_WORK ITEM_
In the records below, find the line holding "بنطلون بقصّة مستقيمة"; copy it and every line after it to the end, omitting all images.

_INPUT RECORDS_
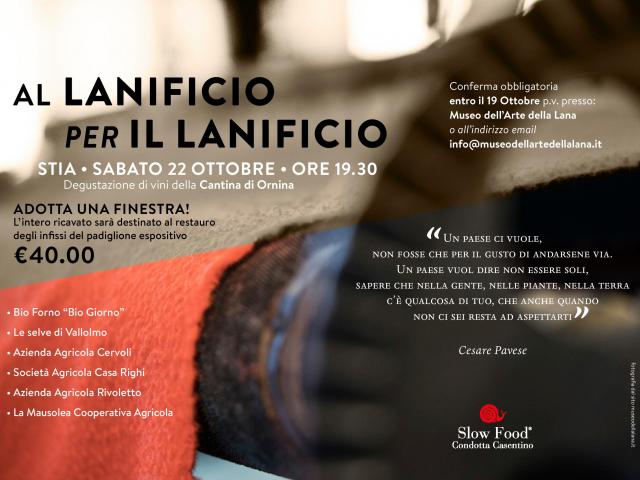 "At Lanificio for the Lanificio, adopt a window", was the first of a series of initiatives aimed at raising funds for the restoration of the fixtures of the exhibition pavilion, better known as Salone a Volta of the Lanificio di Stia, which took place on Saturday October 22nd 2016 at the Museo dell'Arte della Lana in Stia. The tasting of wines and typical products of the territory, followed by a guided tour of the Museo dell'Arte della Lana, has seen the participation of many Casentinesi whose contribution will allow the restoration of three windows and the realization of the new exit door safety. "Adopt a window",
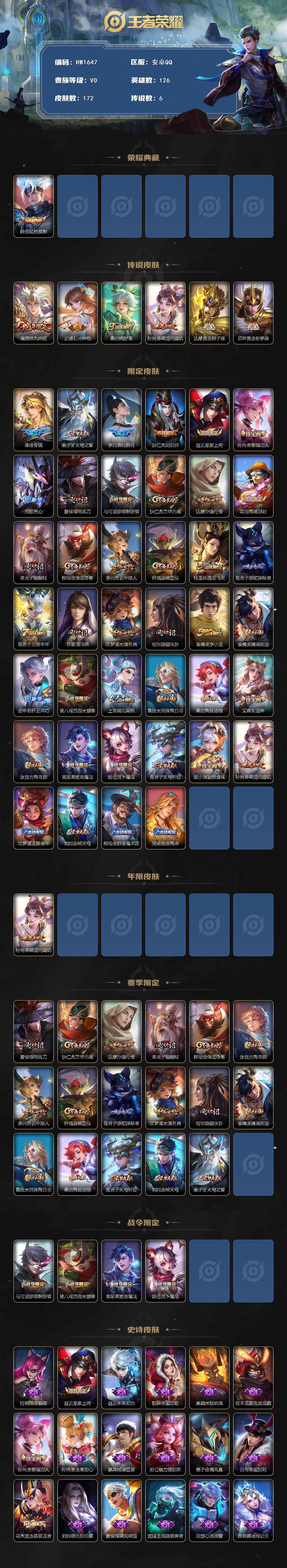 皮肤172 英雄126 至尊星耀 荣耀典藏1 传说6 其他皮肤62-172皮肤1典藏皮肤6传说 弑枪猎影 愿照九州拓 乘龙问璇玑 黄金狮子座 黄金
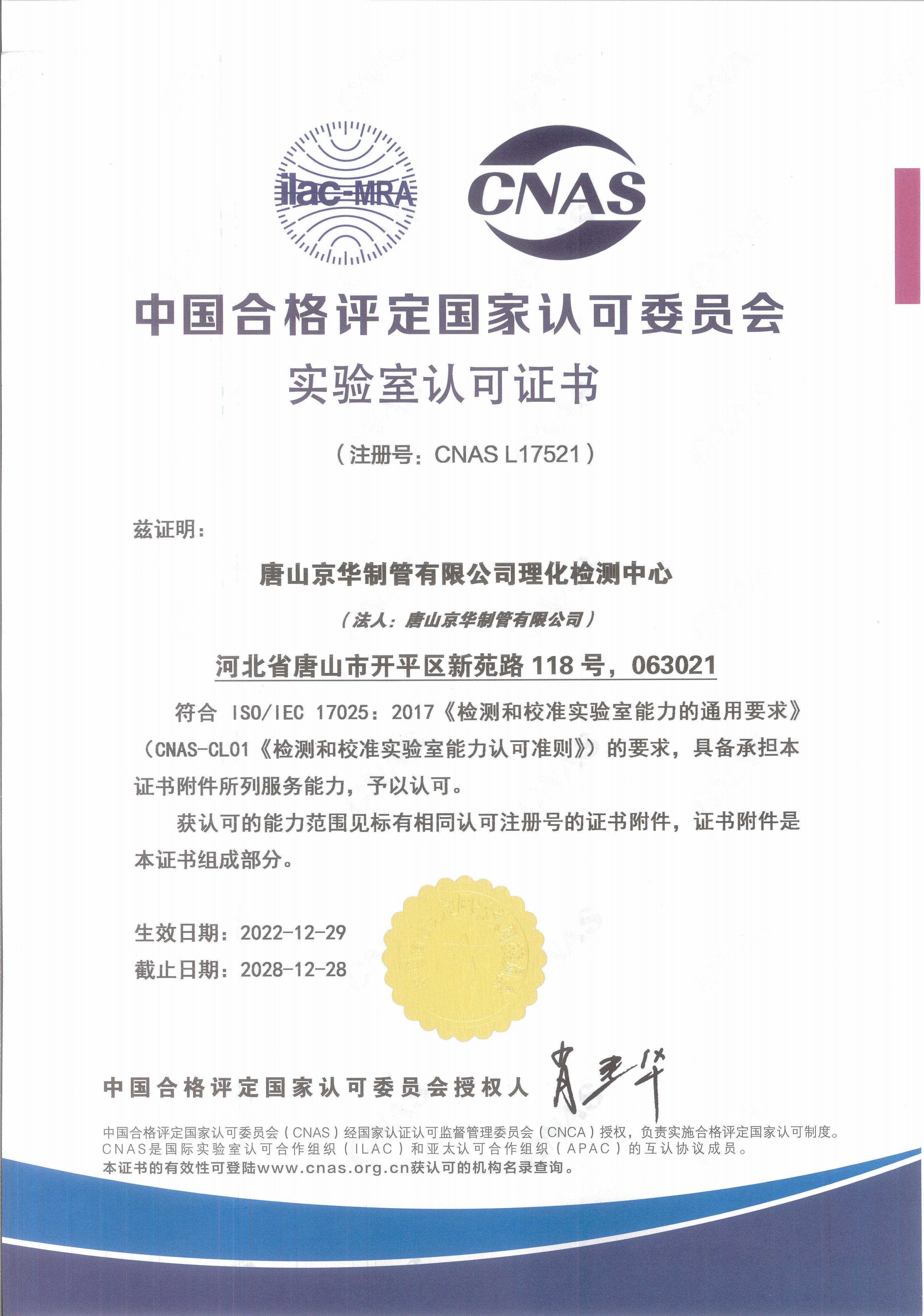 公司理化检测中心建筑面积800平方米,配置有专业的理化检测工程师多名,理化检测中心共分办公区、试验区,其中试验区包括物理性能检测试验区和化学检测试验区,拥有专业检验检测设备近百台。唐山京华理化检测中心CNAS认证的检测领域为金属材料及制品机械性能(拉伸试验、压扁试验、弯曲试验、冲击试验、硬度试验),碳素钢和中低合金钢化学元素分析、低压流体输送用焊接钢管的镀锌层重量测定、镀锌层均匀性试验、镀锌层附着力检验以及辅助材料的检验检测等多个检测项目。
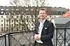 I fjerde etasje er det en balkong som er utover Solli plass. Andersen er fornøyd med bankens første år i Oslo.
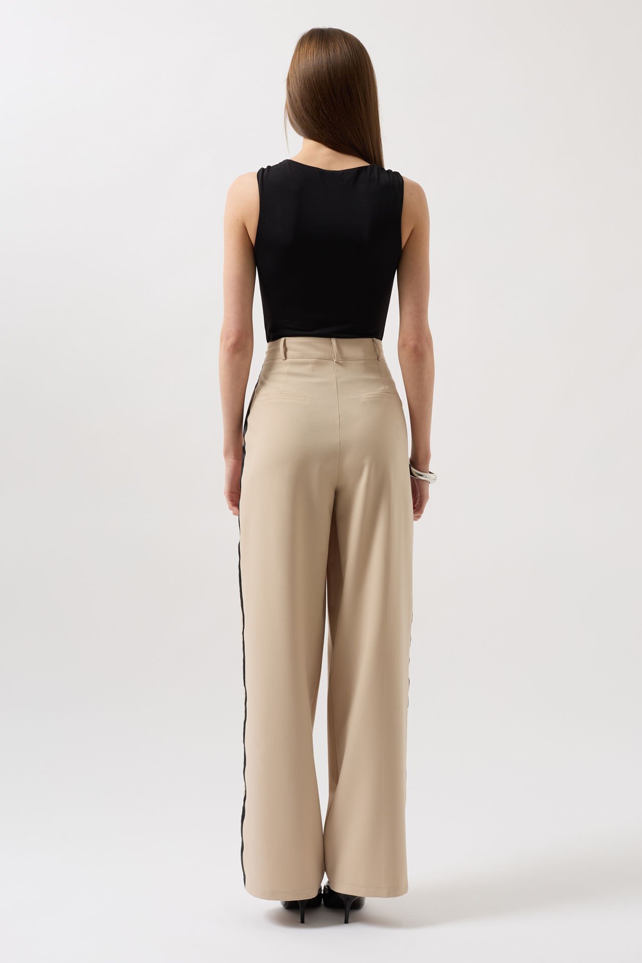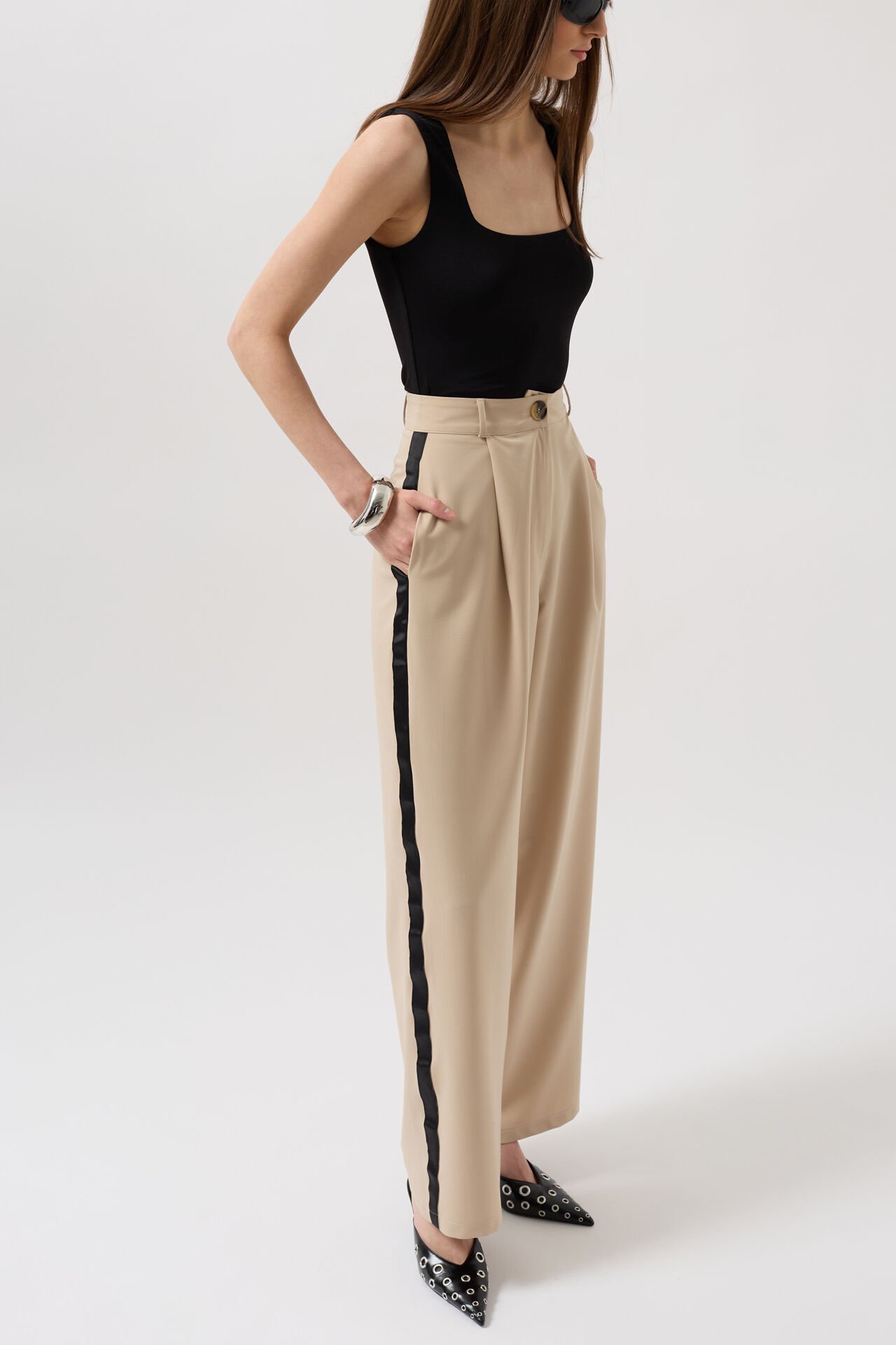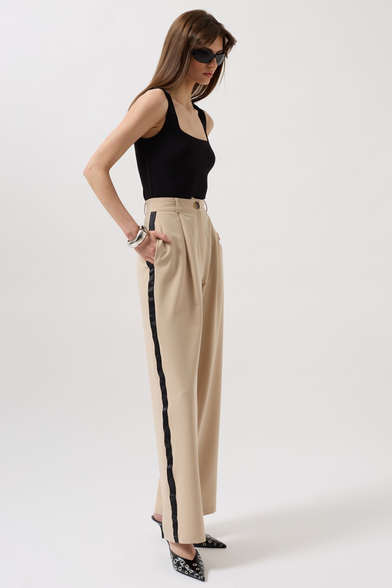 بنطلون بقصّة مستقيمة مع جيوب جانبية مزدوجة، وغطاء جيب خلفي وهمي، وطيّات مزدوجة، وسحاب وزر واحد، وتفاصيل خطوط متباينة على الجانبين
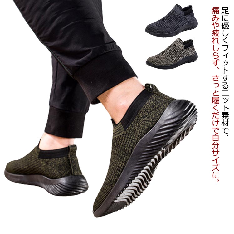 ニットスリッポン ニットシューズ スニーカー 韓国 カーキ ブラック グレー靴 メンズ靴 スニーカー

_EXPECTED ANSWER_
 بنطلون بقصّة مستقيمة مع جيوب جانبية مزدوجة، وغطاء جيب خلفي وهمي، وطيّات مزدوجة، وسحاب وزر واحد، وتفاصيل خطوط متباينة على الجانبين
 ニットスリッポン ニットシューズ スニーカー 韓国 カーキ ブラック グレー靴 メンズ靴 スニーカー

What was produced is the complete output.